Todd's Potentialities essay "At the Threshold" extends this into the territory of risk, tracing two forgotten etymologies — the reef navigators had to track and the gift of providence that comes through genuine exchange — and finding in the figure of Hermes a guide who moves with uncertainty rather than eliminating it. For leaders caught between recklessness and paralysis, this episode offers a more fundamental shift: restoring connection with the territory itself brings us all toward home.
Series: LANDSCAPES
In a time when many feel unmoored from both the natural world and their own sense of purpose, the Landscapes series offers essential navigation tools for finding your way. As global upheaval reshapes everything we thought we knew, the wisdom of belonging to place becomes vital for thriving.

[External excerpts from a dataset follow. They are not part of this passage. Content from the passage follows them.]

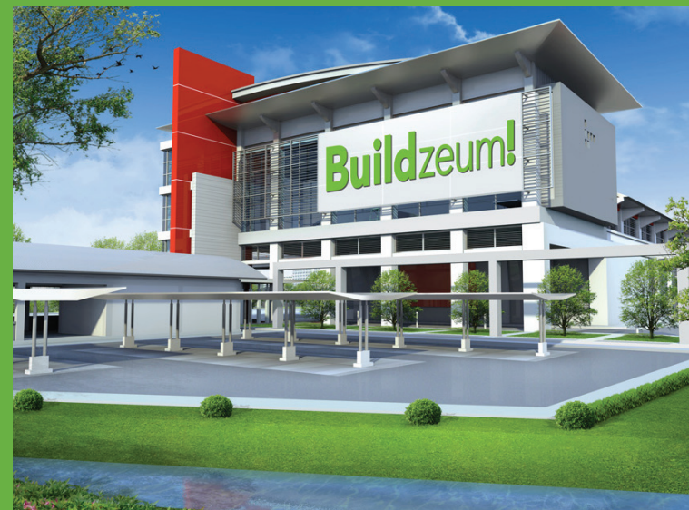
Creative Ways to Support Buildzeum Family Museum

The information in this pamphlet is general in nature and may not apply to all individuals. For advice or assistance in specific cases or whether to make certain a contemplated gift fits well into your overall circumstances and planning, the services of an attorney or other professional advisor should be obtained. © 2017 GivingTools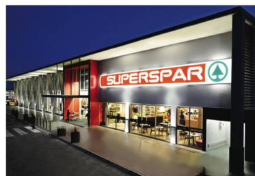
Spar South Africa investing in Switzerland.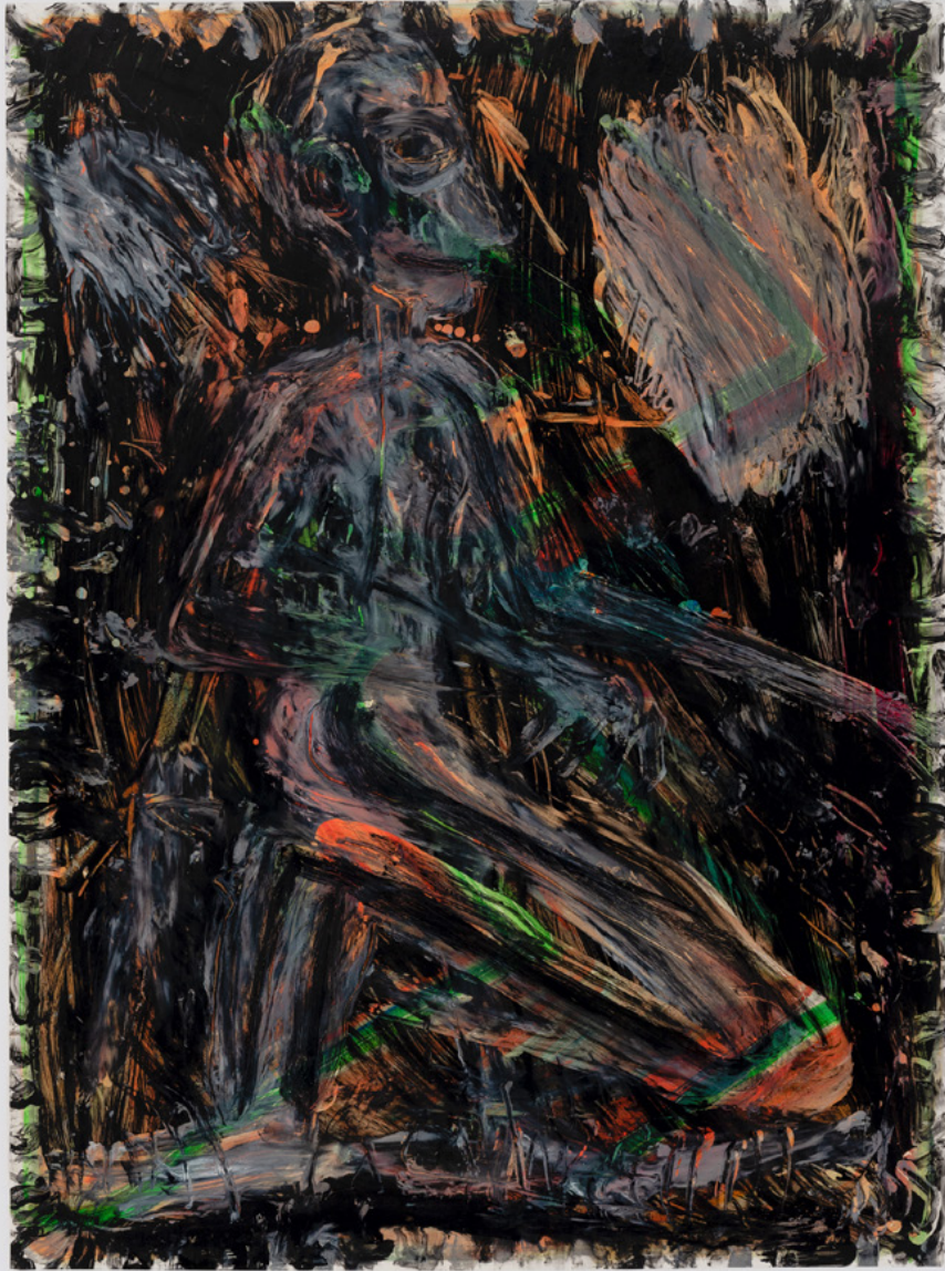
Untitled, 2020 monotype on Plike paper 88.9 × 67.3 cm, 35 × 26 ½ in.

Courtesy the Artist and Xavier Hufkens, Brussels photo credit: HV-studio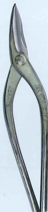
Slim YANAGI-BA 240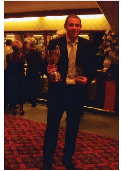
Matty Glennon Trust Player of the Season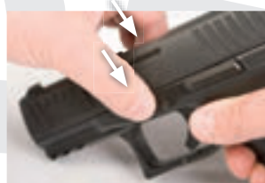
5.1.1. Fig. 5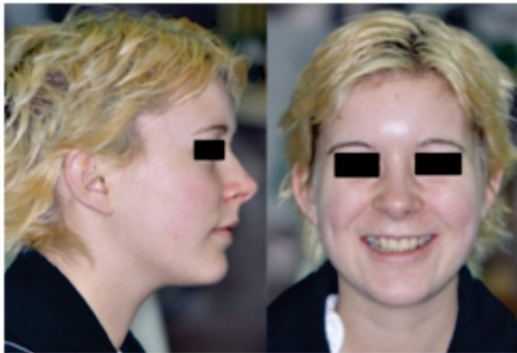
Fig 9a-b: The extraoral images show a beautiful smile with a natural harmonious profile.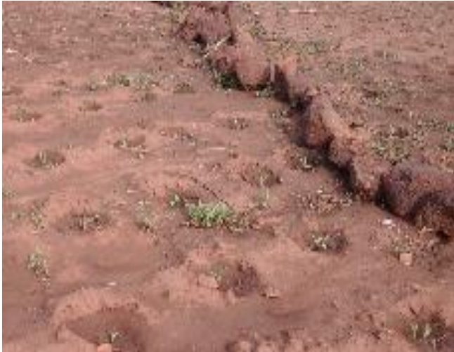
Figure 2. Stone row combined with zaï pits.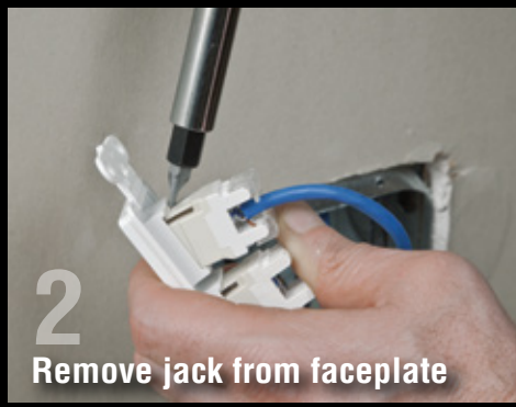
2 Remove jack from faceplate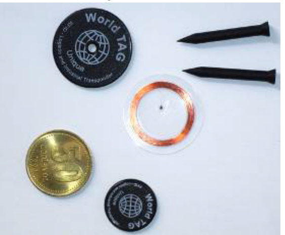
Fig.2. RFID tags

A passive tag consists of three parts: an antenna, a processing unit attached to the antenna, and some form of encapsulation. A tag reader is responsible for powering and communicating with a tag, which is attached either to a personal computer or to a digital communication network. The tag antenna captures energy and transfers the tag's ID. The tag's processing unit is responsible for coordinating the communication and transmission process. The encapsulation maintains the tag integrity and protects the antenna and processing unit from environmental conditions or damage.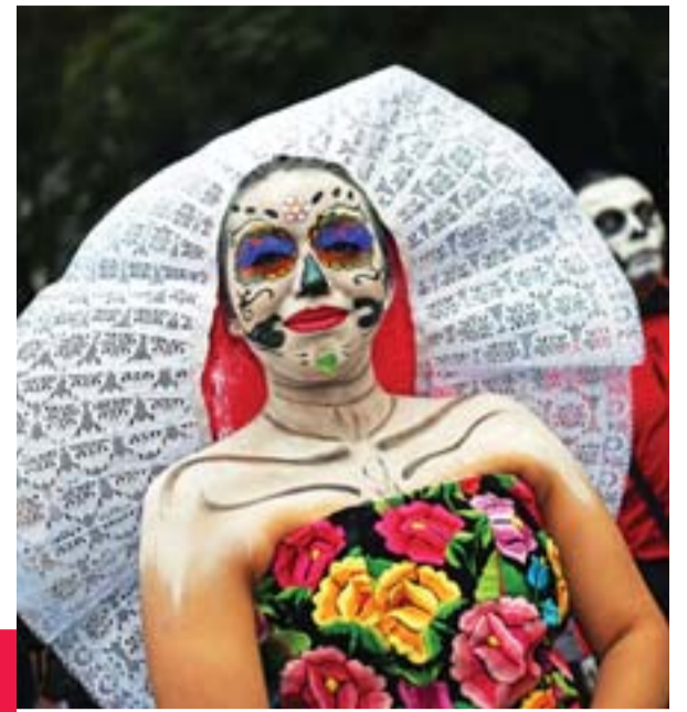
People fancy dressed as "Catrina" take part in the "Catrinas Parade".

This series challenges the Western illusion of separation that leaves us exhausted, anxious, and ineffective. Whether you're leading an organization through uncertainty, seeking personal direction, or simply trying to make sense of chaotic times, understanding how landscapes both external and internal shape consciousness provides pathways forward. We'll explore how becoming skillful wayfinders—learning to read the territories we're crossing and work with larger forces of change—can restore capacity to create abundance and evolve into states of thriving when traditional approaches have failed.
Photo by Pia Kealey
Timeline
00:45 Marti’s introduction
02:24 Meaning of wayfinding — how modern usage inverted the original meaning
04:25 Lewis and Clark, Polynesian navigators, Vikings
04:53 Wade Davis on dead reckoning
05:21 Have we lost our capacity to dialogue with the landscapes of our lives?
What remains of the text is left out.